Настя помедлила, прямо посмотрела на него.
— Не надо, наверно, об этом?
— «Говорите, — поспешно написал Федор Андреевич. — Мне нужно знать».
— Знать как раз, может, и не надо, чего себя опять расстраивать? — Настя помолчала, задумчиво добавила: — Хотя, как сказать…
Подойдя к занавеске и убедившись, что Анка спит, Настя вернулась к столу, заговорила возмущенно.
— Вам-то тогда не до этого было, вы не видели, а ведь у нас все на глазах творилось. За день до реформы она с этим своим дружком раз десять домой прибегала, машину гоняли — все продукты тащили.
— «Зачем?»
— Ну, как зачем? Скупили, что там в буфете либо еще где было, а потом назад сдали — вот и спасли денежки, рубль на рубль сменили, а то, гляди, и побольше! Развернулись!
— «Я замечал, да все сомневался», — оправдываясь, написал Корнеев. Уши у него горели.
— Ну, где вам было заметить! — убежденно сказала Настя. — Когда человек любит, он плохого не заметит — верит. Да ведь и то сказать, ловкая она, скрытная, где уж вам углядеть было. У нее вон, говорят, на одной книжке двести с чем-то тысяч лежало.
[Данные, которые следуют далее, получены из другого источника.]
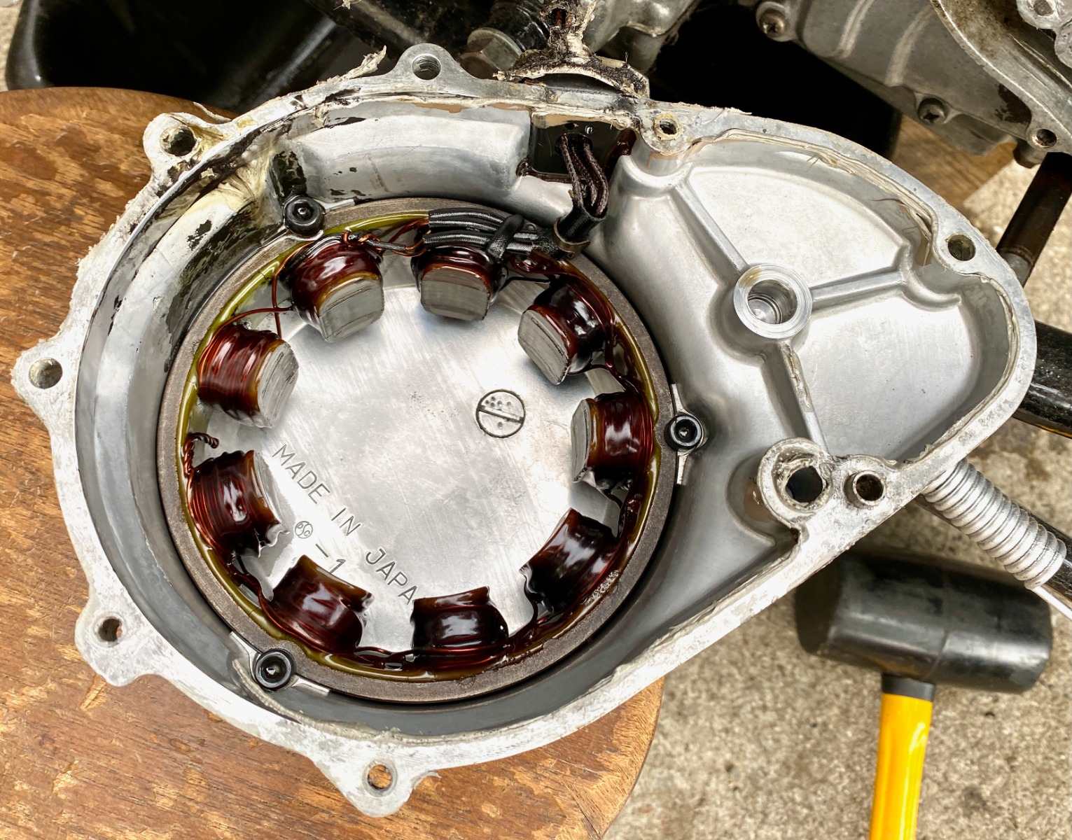 A bit of rubber mallet action loosened the generator cover from is dowels and goop sealant. And the sprocket cover was removed to keep track of the stator wiring.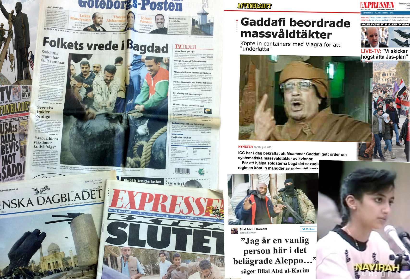 Bilderna från Bagdad den 9 april 2003 spreds snabbt över hela världen. De fanns på alla stora svenska tidningars förstasidor den 10 april.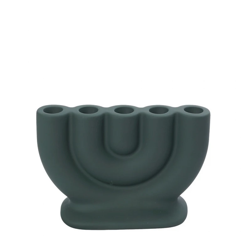 Κηροπήγιο 5 θέσεων κεραμικό σε σκούρο πράσινο χρώμα από την ESPIEL - Διαστάσεις: 20x8,5x13,5εκ.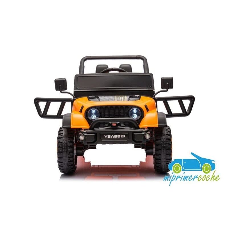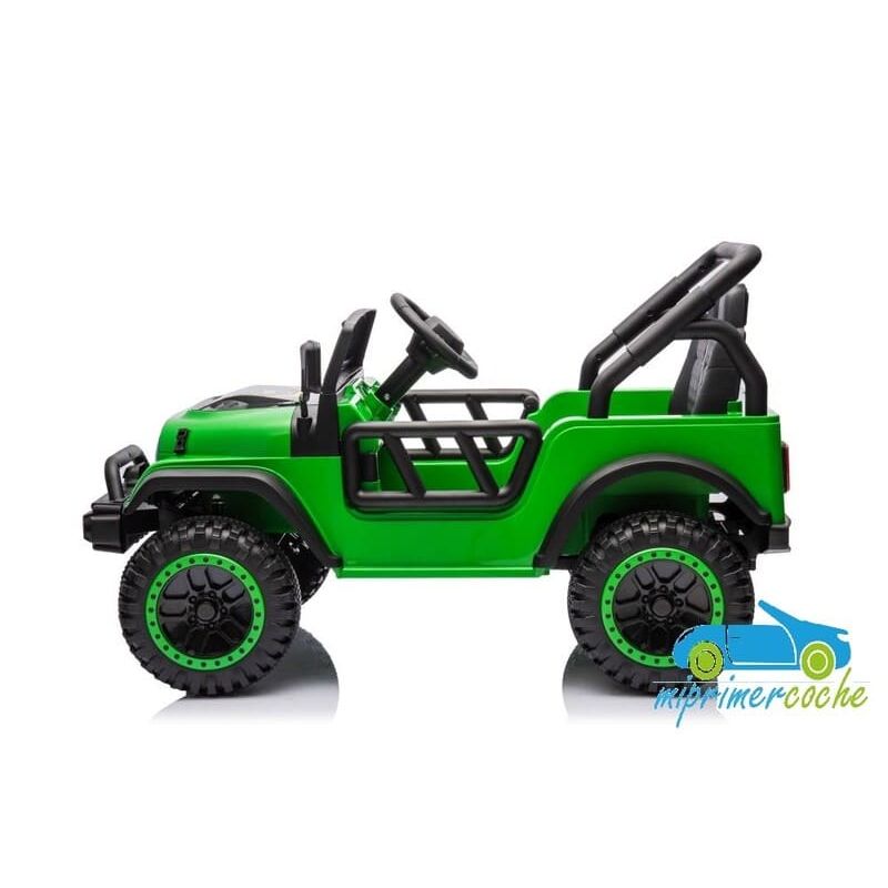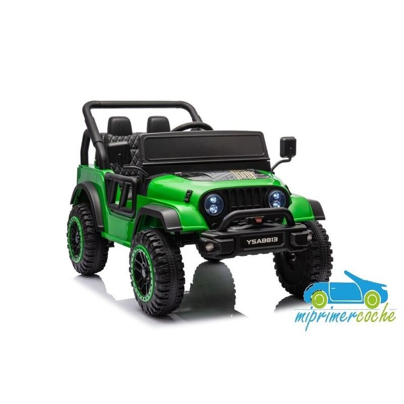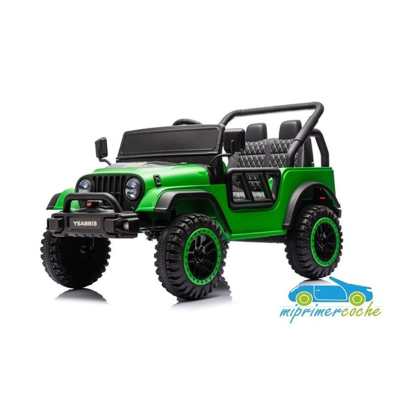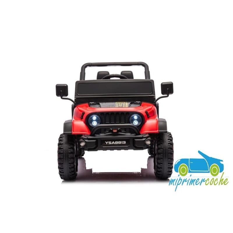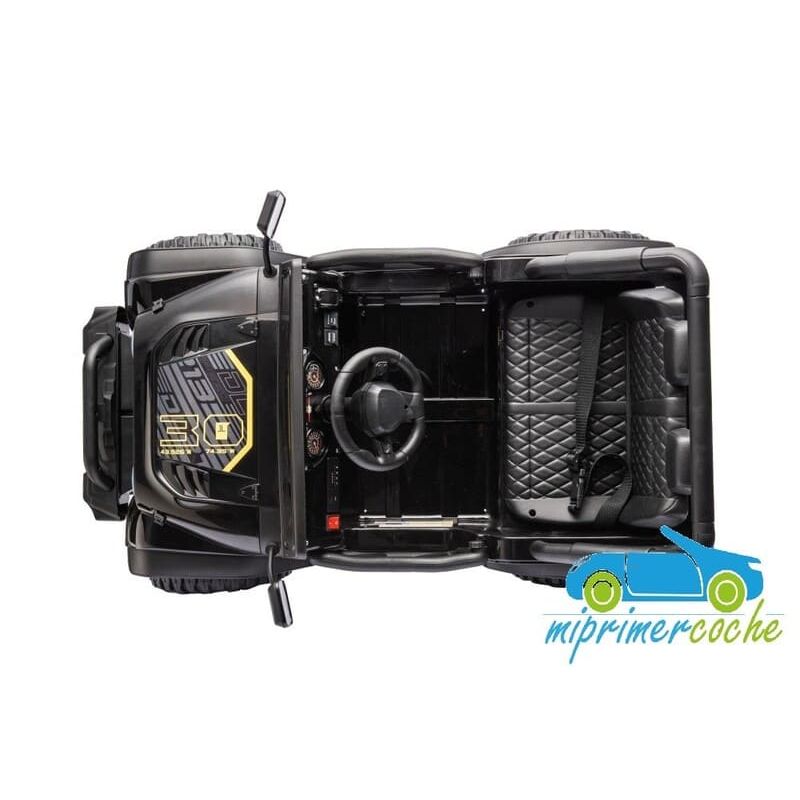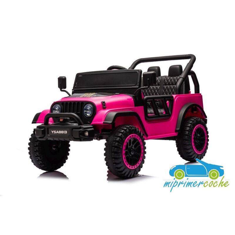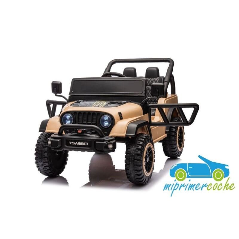 Un todoterreno 24 Voltios de 1 plaza,2 motores, equipado con ruedas de caucho , asiento en poli piel , luces led ,mando parental.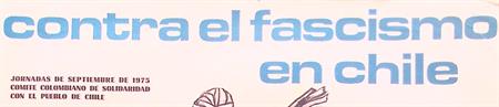 contra el fascismo en chile JORNADAS DE SEPTIEMBRE DE 1975 COMITE COLOMBIANO DE SOLIDARIDAD CON EL PLEBLO DE CHILE por libertad de los resos políticos. De afmeting van deze prent is ca. 47 bij 66 centimeter.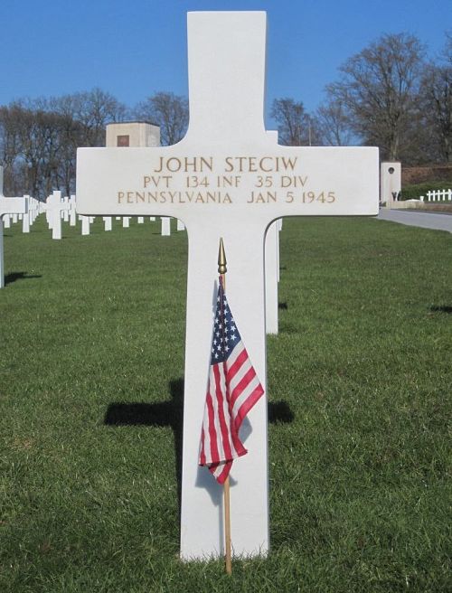 Pvt John Steciw was a mail carrier at the Cuneo Eastern Press, printing company, before he enlisted in New Cumberland, Pennsylvania on 31 March 1944.He was killed by artillery shell fragments to his head.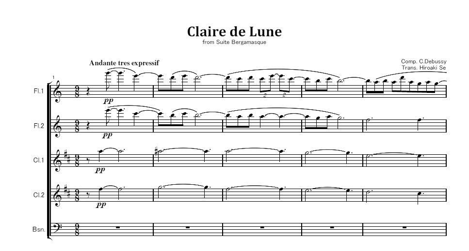 木管五重奏 ドビュッシー :ベルガマスク組曲〔第三曲〕月の光

Корнеев невольно улыбнулся — молва приумножает; Настя, заметив, что Федор Андреевич улыбается, засмеялась и сама.
— Про двести тысяч, конечно, врать не буду — говорят, так ведь говорить все можно. А вот что она не по средствам жила — это я сама видела.
Сумрачная тень лежала на напряженном лице Корнеева, но кривить душой Настя не могла.
— Разве она такой раньше была? Да я, бывало, не знай что для нее бы сделала — подружка! А потом, как ушла в буфет, — ну, скажи, подменили ее! Дружба, конечно, врозь. Что я для нее? — горько усмехнулась Настя. — Голь!.. А я и тут стерпела: не хочет дружить — ладно, не набиваюсь, ты себя-то не губи! Еще как она только первое платье справила, показать пришла, я ей в глаза сказала: «Ой, Поля, смотри, не зарывайся! Понимаю ведь я, что не с зарплаты ты это, я побольше твоего зарабатываю и то чуть прокормиться, шутка ли дело — война, горе народное!» — Настя передохнула, махнула рукой. — Куда там! Обиделась, меня же обругала… Может, и я тут в чем виновата — отступилась. Мне ее и сейчас жалко… Вот так нашу дружбу водой и разлило; когда, бывало, нужно какую там полсотню до получки перехватить, так сначала обегаешь всех, а потом уж к ней, от последней нужды только и идешь…
Корнеев сидел, опустив голову, сгорбившись. Насте стало жалко его.